Sequencing of paired BCR repertoires is known to be a hard task due to the need to physically link or label natively paired variable heavy (VH) and light (VL) chains. With the advent of 10xGenomics sequencing, full-length natively paired VH/VL sequences can now be obtained, although at the expense of the B-cell throughput number in comparison to unpaired Illumina sequencing.
The Observed Antibody Space (OAS) database now provides access to annotated paired sequences from 10xGenomics studies. To date, OAS collates over 120,000 paired sequences from 7 different studies. The data is available for download or you can filter the sequences with respect to certain metadata parameters using our search form. To download the data go to the Search page.
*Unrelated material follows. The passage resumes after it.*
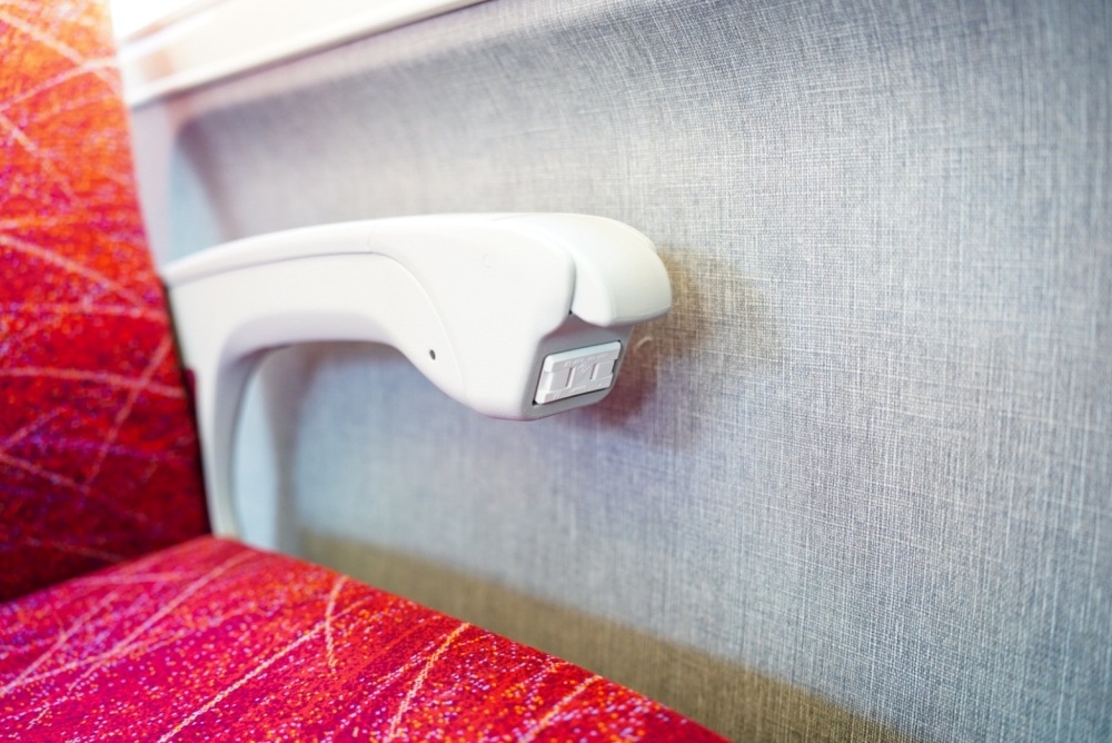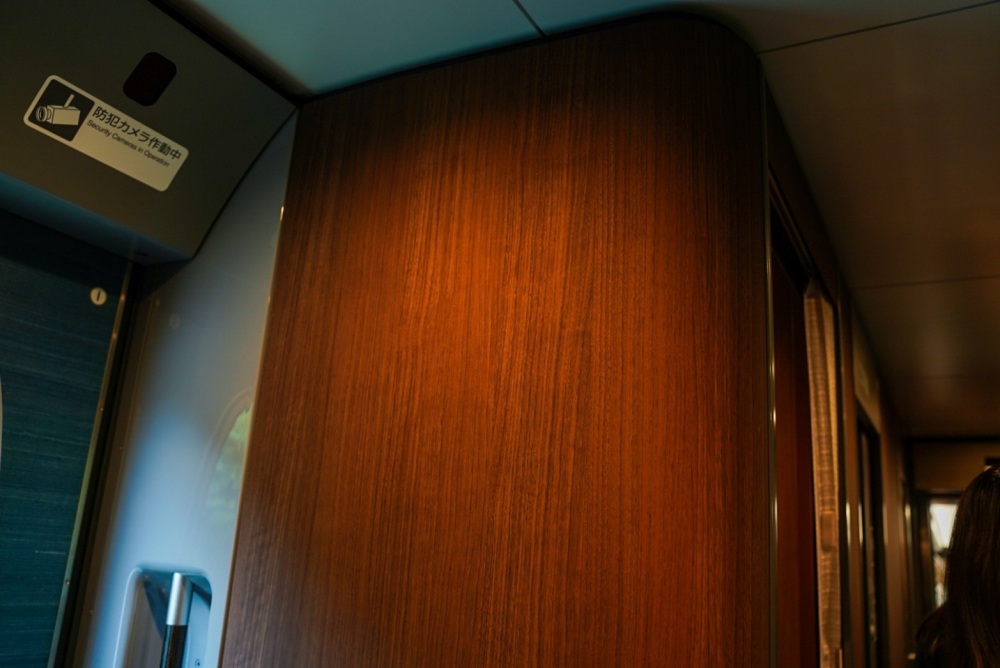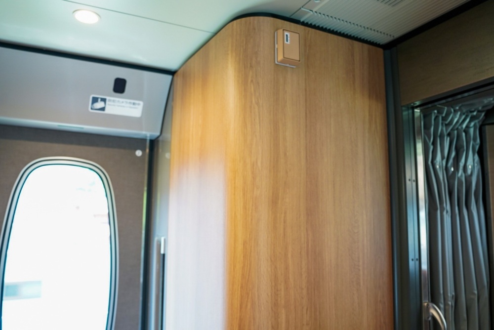 さらに、車内の壁面部分は木目調になっているのですが、実はこの木目も普通車とグリーン車で色の深さが異なっています。普通車は、ナチュラルな色合いの木目を使用していて爽やかな印象でした。一方グリーン車は、色の濃い木目を使用しており、より上質感のある印象となっていました。こちらもぜひチェックしてみてください。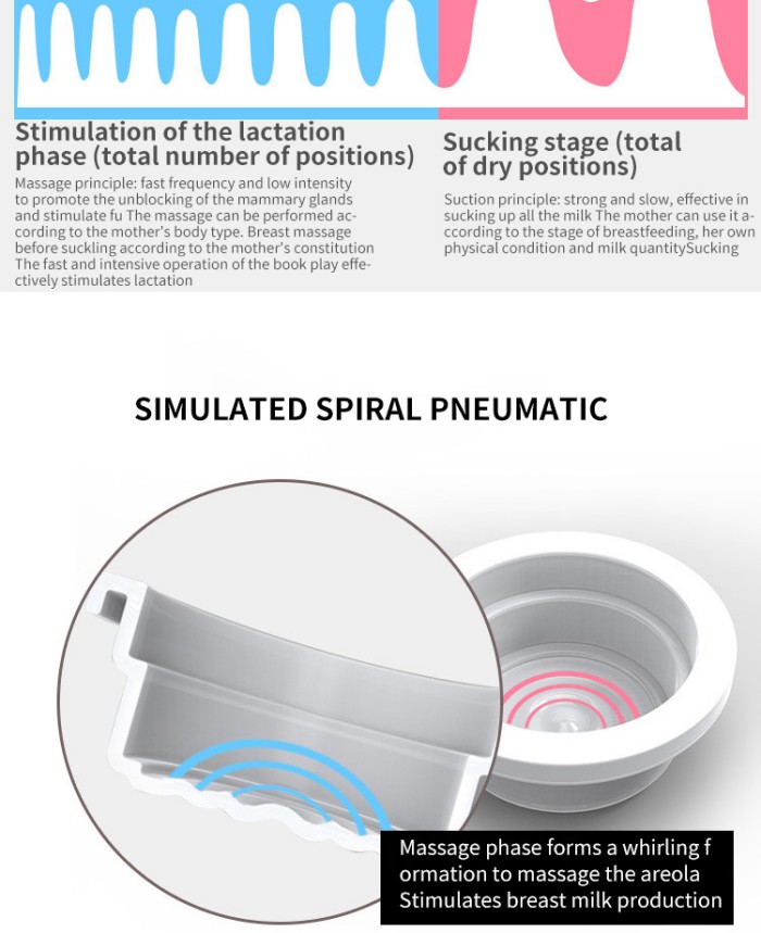 Máy hút sữa điện một mặt dạng tròn nhỏ của nhà máy của chúng tôi có ba cài đặt thuận tiện để dễ sử dụng: thứ nhất, chế độ massage để nhẹ nhàng kích thích sản xuất sữa và chuẩn bị vắt sữa; sau đó là chế độ bơm để vắt sữa nhanh chóng, hiệu quả với ít sức lực nhất; và cuối cùng là chế độ mút mô phỏng lực và nhịp mút của bé, mang lại cho bạn cảm giác thoải mái như khi bú.

Paired sequences in OAS can be filtered according to attributes such as species, disease, vaccination etc. The fields are non-exclusive, meaning that the user could choose a combination of fields that does not exist in our database.
Similarly to the unpaired version of OAS, all datasets are organized into studies, that are in turn subdivided into data-units. A single data-unit is a set of sequences uniquely identified by its metadata. The range of meta-parameters are:
A series of .csv.gz files will then be downloaded to your current directory. Each .csv.gz file contains as the first line the metadata for the data-unit and the following lines each sequence and its annotations.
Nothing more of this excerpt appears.